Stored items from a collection
· · · · ·

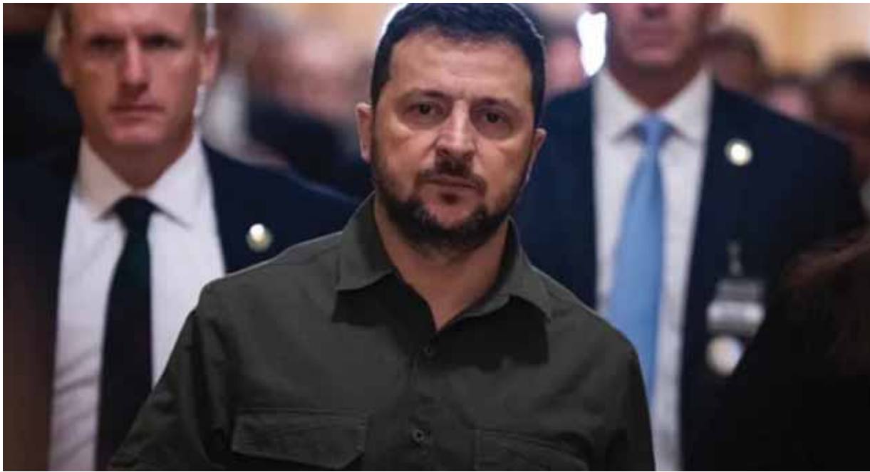
Ukrainian President Zelensky in the US in September.
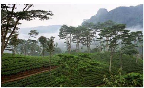
Forest cleared for tea plants

Since the beginning of the 20th century, deforestation has taken a serious toll on the forest cover of Sri Lanka. At the turn of the last century, 70% of Sri Lanka was forested. By the end of the century, that figure had dropped to 21%. <sup>46</sup> The related problem of soil erosion has been a major concern in Sri Lanka for decades and poses a direct threat to the country's tea plantations and tea exports. <sup>47</sup>
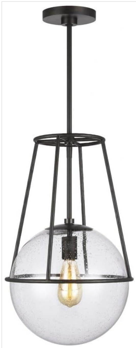
Image: Full view of the Feiss Atlas One Light Pendant, showcasing its Aged Iron finish and Clear Seeded Glass shade.
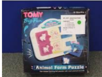
WTL 407 Animal Farm Puzzle
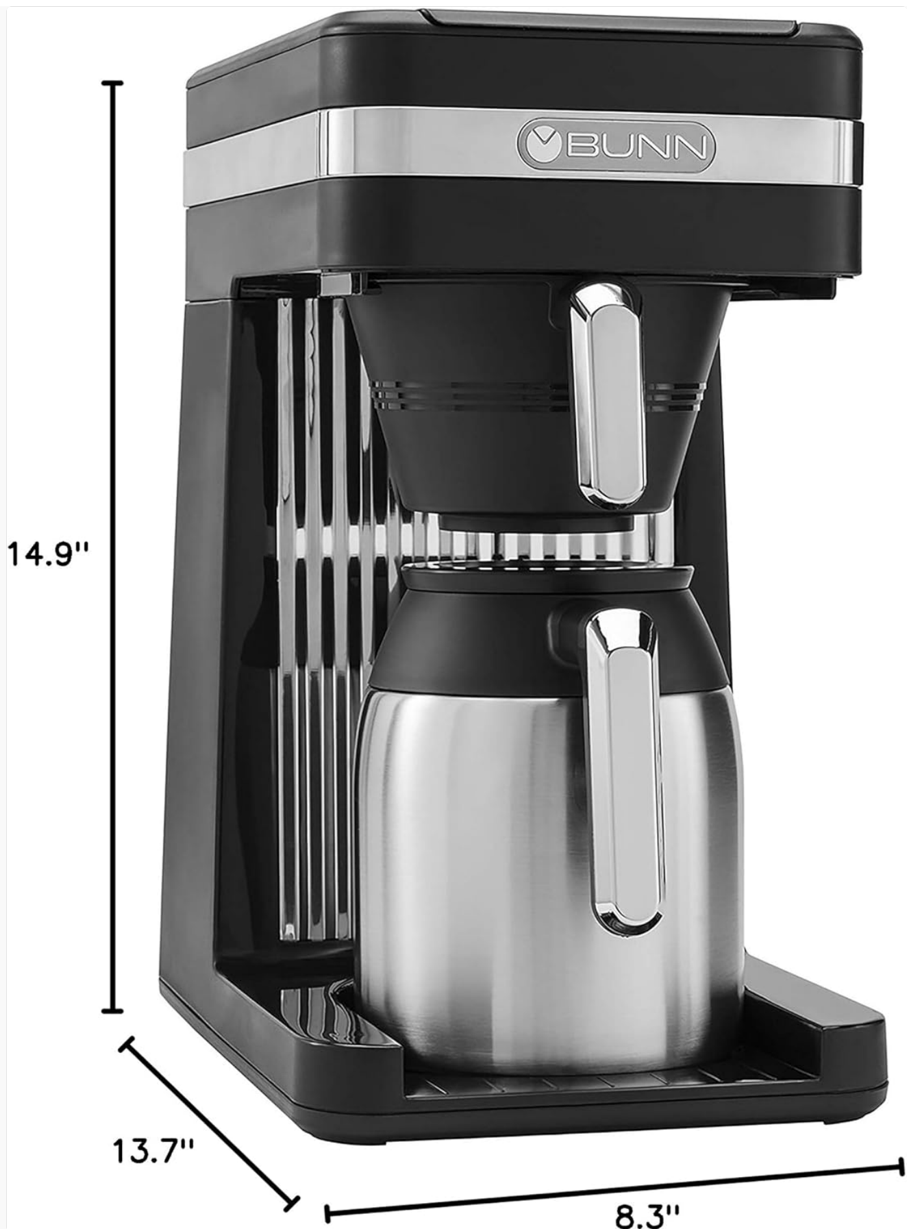
Figure 6.1: Product dimensions for the BUNN CSB3TD coffee maker.
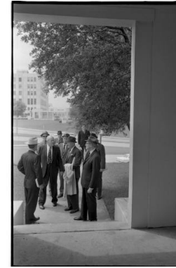
Title: Image of members of the Warren Commission near the grassy knoll Date: 1964 Medium: Film Object number: 2004.058.0394.0001
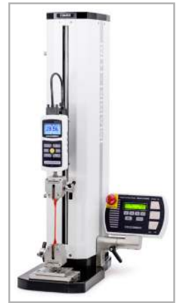
Shown with an ESM303 test stand and G1061 wedge grips

Series 7 force gauges are directly compatible with Mark-10 motorized test stands, to permit functions such as break testing, tensile testing, compression testing, dynamic load holding, PC control capability, and many other applications.
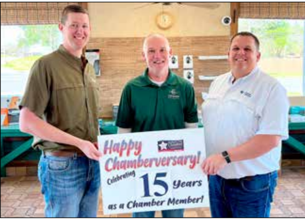
Computer Helpers 15 years
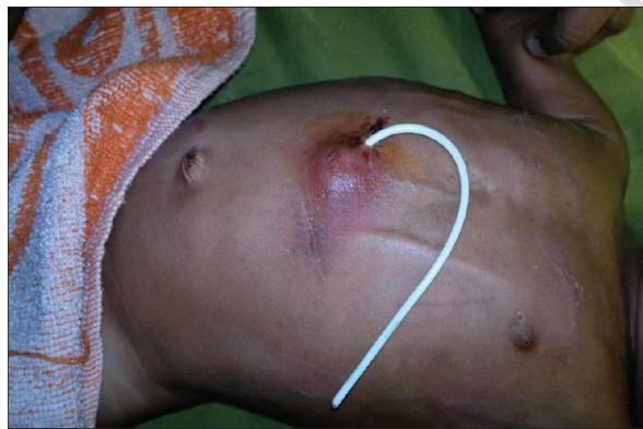
FIG. 4. Distal catheter exposure.
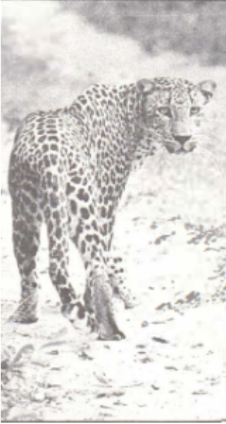
Leopard at Yala
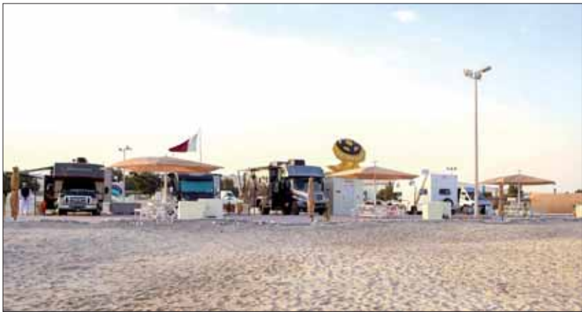
Seaside of the 'Motor Home' beach.

He pointed out that requests are received on the hotline 16066, where those wishing to visit the beach are referred to the person authorised to carry out that task, and then the date of arrival at the beach and the date of departure are determined so that the place is prepared for them, noting that the beach is open to the citizens of the Gulf Co-operation Council countries.
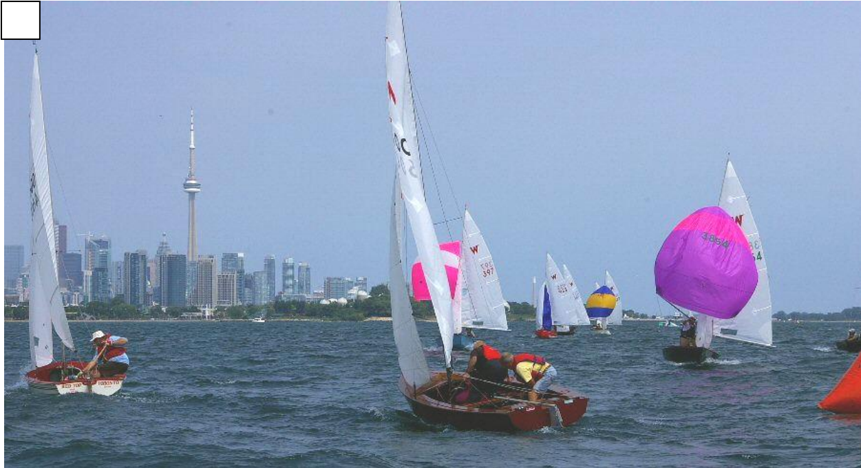
Wayfarers beat towards the Toronto skyline after rounding the leeward mark during Race 3 in the North American Championships at Toronto Sail and Canoe Club in July.

· · · · ·

* INSTRUCTIONS FOR THE TASK: Give the data above again, exactly, with every picture removed.

* ANSWER TO THIS TASK:
Ukrainian President Zelensky in the US in September.
Forest cleared for tea plants

Since the beginning of the 20th century, deforestation has taken a serious toll on the forest cover of Sri Lanka. At the turn of the last century, 70% of Sri Lanka was forested. By the end of the century, that figure had dropped to 21%. <sup>46</sup> The related problem of soil erosion has been a major concern in Sri Lanka for decades and poses a direct threat to the country's tea plantations and tea exports. <sup>47</sup>
Image: Full view of the Feiss Atlas One Light Pendant, showcasing its Aged Iron finish and Clear Seeded Glass shade.
WTL 407 Animal Farm Puzzle
Figure 6.1: Product dimensions for the BUNN CSB3TD coffee maker.
Title: Image of members of the Warren Commission near the grassy knoll Date: 1964 Medium: Film Object number: 2004.058.0394.0001
Shown with an ESM303 test stand and G1061 wedge grips

Series 7 force gauges are directly compatible with Mark-10 motorized test stands, to permit functions such as break testing, tensile testing, compression testing, dynamic load holding, PC control capability, and many other applications.
Computer Helpers 15 years
FIG. 4. Distal catheter exposure.
Leopard at Yala
Seaside of the 'Motor Home' beach.

He pointed out that requests are received on the hotline 16066, where those wishing to visit the beach are referred to the person authorised to carry out that task, and then the date of arrival at the beach and the date of departure are determined so that the place is prepared for them, noting that the beach is open to the citizens of the Gulf Co-operation Council countries.
Wayfarers beat towards the Toronto skyline after rounding the leeward mark during Race 3 in the North American Championships at Toronto Sail and Canoe Club in July.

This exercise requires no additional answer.